IV. The Forgotten Battlefield: Grabbing “Channels of Relationship Formation”
When discussing product definitions, we often overlook the transformation of channels. But here, if the “channels” still remain at mall distribution and e-commerce promotion, it would be too outdated.
The essence of AI toys is not “selling goods”, but “allowing users to form a relationship with a character”. This means that the truly valuable channels are not “places for selling goods”, but “scenarios where relationships occur”.
Looking back at the explosive path of LABUBU refrigerators, you will find that it did not suddenly explode with a single product. It repeatedly completed one thing through offline stores, limited edition systems, and exhibition spaces over a long period: allowing users to “meet it” again and again. This high-frequency, low-pressure contact greatly reduced the users’ psychological defense: from “knowing this character” to “beginning to like it”, and then “willing to pay a premium for it”.
Looking at the current AI toys, what is the distribution path? It is the comparison of parameters on e-commerce pages, or the brainwashing of advertising. Essentially, this is forcing users to make purchasing decisions in “total lack of relationship”. This is simply anti-human nature. You want users to spend hundreds or thousands of dollars for a “strange character that has never spoken or established an emotional connection”? It’s too difficult.
Therefore, the true meaning of “grabbing channels” is: who gets the first chance to create the first real interaction between users and the character.
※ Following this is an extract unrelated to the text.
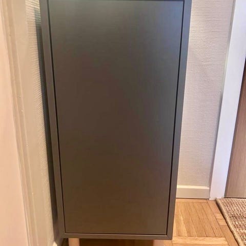 Två hyllplan i varje skåp. Dörrarna stängs med tryckfunktion och magnet. Smart och bra skåp/förvaring i mindre utrymmen. Går att kombinera med andra delar i Ikea Eket serien.
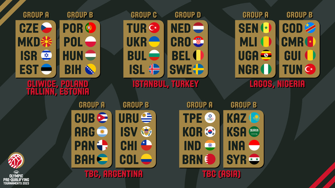 Состоялась жеребьевка групп пре-квалификационного баскетбольного турнира Олимпийских Игр 2024 года.

Such scenarios must have three characteristics: experienceable (touchable, talkable), with emotional atmosphere (lighting, music, environment creation), and can be stayed (not a hurried passing). That’s why offline experience stores will become unprecedentedly important in the AI toy era. It is not a supplementary channel, but the core starting point. Only there can users drop their guard, be attracted by the character, and say the first sentence, establish the initial emotional connection. Once this step occurs, the subsequent online conversion and repeat purchases will be natural.
V. Conclusion: When IP Starts to “Speak”
Returning to the LABUBU refrigerator incident. Its core lesson is not that a product has been priced to such a high level, but that: IP is breaking through the boundaries of categories and occupying users’ lives in all aspects.
Today it is a refrigerator, tomorrow it can be clothing, and the day after tomorrow, when the technology is mature, it will be that “silicon-based life” that can speak and accompany you crying and laughing.
At that time, these top IP products will no longer be cold products, but a character that can accompany you for a long time. This is the true ultimate goal.
So, if you are still thinking: “Should I hurry to make an AI toy and seize a niche?” Then you may have gone astray. A more thought-provoking question is: When these top IP with millions of fans finally start to speak, why would users still stay with you?
The time left for AI toy startups is really limited. Either in the shadow of giants, use the fastest speed to seize the narrow door of “relationship”ï¼› or wait to be reduced to a lower dimension and become an example of the times.